Don Persson, one of the candidates banned and then reinstated, called the email “an attack” on him and other candidates who are out of of favor with CTA leaders.
He called the move an ironic turn, since CTA had moved to bar him and two other candidates after accusing them of violating union rules by using the district’s email system to campaign.
“I think it’s egregious because by naming those four she has named us as being bad guys,” he said. “So she’s doing something far worse, and I believe that definitely oversteps the boundary of the rule she’s talking about.”
Candidate Suzi Grbinich, a Wellington High School teacher, defended the decision to send the email, saying the candidates accused of violations had been the subject of news coverage and that the email would focus deserved attention on those accused of no wrongdoing.
“Those (candidates) who have not committed any violations were named,” she said. “I think membership should know of the candidates who follow the rules.”
After receiving complaints from teachers, Avossa said he conferred by phone with FEA president Joanne McCall. The FEA stepped in to oversee the county union’s tumultuous presidential election in 2014, one in which three separate elections yielded three separate outcomes, with Gundlach named the winner in the final runoff.
“I just don’t want them to go through what they went through last time,” Avossa said. “I want the teachers to feel confident that the process in place in fair.”
In a statement, an FEA spokesman said that McCall “has heard from members and others about the local election” but declined to comment on the CTA’s actions.
“FEA must remain an independent observer of the local elections, should we be called upon to decide on any further issues of contention that may arise,” FEA spokesman Mark Pudlow said. “FEA looks forward to a successful completion of the election process in Palm Beach County.”
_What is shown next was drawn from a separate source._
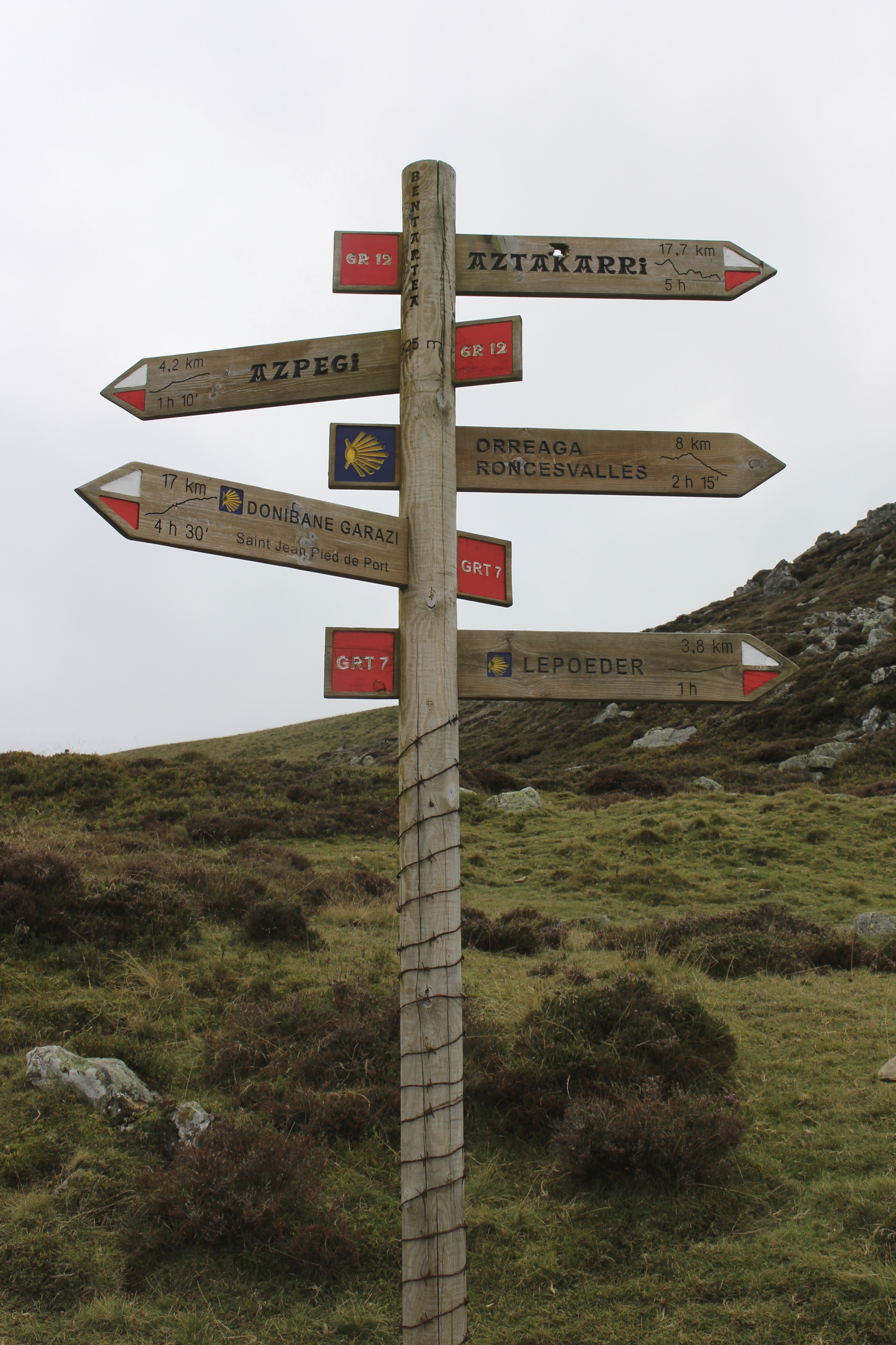 The first part of the hike, which was the uphill climb, was hard! We were both out of breath. My mom was definitely having a harder time than I but she kept up, sort of. The elevation mixed with the incline mixed with a 25 pound back pack on my back mixed with a tired mom straggling behind me…. I was already thinking maybe we should have started with the easier route. As the trek got longer and steeper, we started to lose enthusiasm. But the road from Saint Jean to Roncsevalles is unbelievably stunningly breathtakingly gorgeous. The entire route was covered with rolling hills of horses, cattle and sheep grazing calmly and just watching us walk on by.

Here is the entire email sent Thursday by the county union:
Dear CTA Members,
We have had to modify our Election Timelines (see attached) due to a number of serious campaign violations and concerns by candidates for PBCCTA President. We had one candidate whose eligibility for candidacy was in question. After going through the process of review by the PBCCTA Elections Committee, the PBCCTA Board of Directors, and the FEA Election and Credentials Committee, the PBCCTA Board of Directors determined that this candidate be allowed to participate in the election even though he had a break in membership while on leave. Three other candidates had campaign violations that resulted in an initial decision to remove them from the ballot. These candidates used the district email to campaign, which is in violation of our Election Guidelines, District Policy and Federal Law. After going through the process again of review by the PBCCTA Elections Committee, the PBCCTA Board of Directors, and the FEA Election and Credentials Committee it was determined that these candidates be allowed to participate in the election. The FEA Credentials and Election Committee indicated all three had campaign violations and should be reprimanded. However, in the spirit of unionism and inclusiveness, the PBCCTA Board of Directors voted to allow all candidates to participate in the election for the next PBCCTA President.
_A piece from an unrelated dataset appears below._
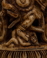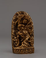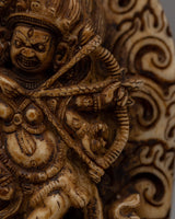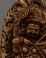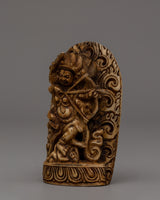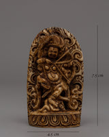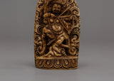 Unleash Kurukulla's transformational force with this Handmade Kurukulla Yogini Statue, which is expertly created from ethically sourced buffalo bone. This finely carved artwork, measuring 7.5cm tall and 4.5cm wide, depicts the ferocious yet sympathetic Kurukulla, a tantric goddess of empowerment, magnetism, and change. Her forceful expression and meticulous stance demonstrate the artist's skill and commitment, making this statue a powerful symbol of spiritual and creative greatness.

Also be aware of a survey that looks as if it came from PBCCTA, IT DID NOT. It is full of erroneous information and was not authorized by PBCCTA. PBCCTA is in good standing with the Florida Education Association. Previous PBCCTA administrations had fallen behind in their payments to FEA, and in fact since this administration has started we have paid back $50,000 of the balance due. We are in dialogue with FEA concerning this issue. Our financial statements are provided to the Board of Directors monthly and at the Representative Assembly monthly. If you should have any questions concerning our standing please do not hesitate to call CTA.
The Elections Committee has indicated the following presidential candidates DO NOT have any actionable election violations or breaks in membership within the last two years: Marty Ginsberg, Suzi Grbinich, Gordan Longhoffer, and David Lutrin.